Following months of negotiation, the Ohio House today passed Senate Joint Resolution 5, bipartisan legislation that puts a constitutional amendment before voters in May to restrict congressional gerrymandering in the state. 


“Today’s actions are the result of an effort in compromise. Although nothing is perfect, I applaud the bipartisan effort the authors of this legislation intended to create a fair and solid framework to improve the structuring of congressional districts and form a better representation of Ohio’s voting citizens,” said state Rep. John Rogers (D-Mentor-on-the-Lake). “It is my hope Senate Joint Resolution 5 will allow our congressional districts to be more representative, more responsive and certainly less dysfunctional.
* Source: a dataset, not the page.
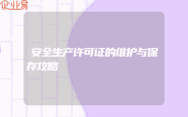 - 安全生产许可证的维护与保存攻略

There is always room for improvement at the federal level, and is my hope that this legislation will enable Ohio’s congressional delegation to improve their representation of our citizens and their interests.”


Democratic House expressed concerns over several parts of the proposed plan that they see as loopholes that, in extreme cases, could still allow partisan congressional district rigging. Ultimately, most Democrats still supported the final language in the resolution.


If approved by voters in May, the reform plan will be the first time fairness criteria for congressional districts will be included in the state’s constitution. Included among the plan’s changes are the right for a citizen-led referendum on any map, the governor’s authority to veto a map, requirements to limit community and county splits, and bipartisanship requirements for a 10-year map.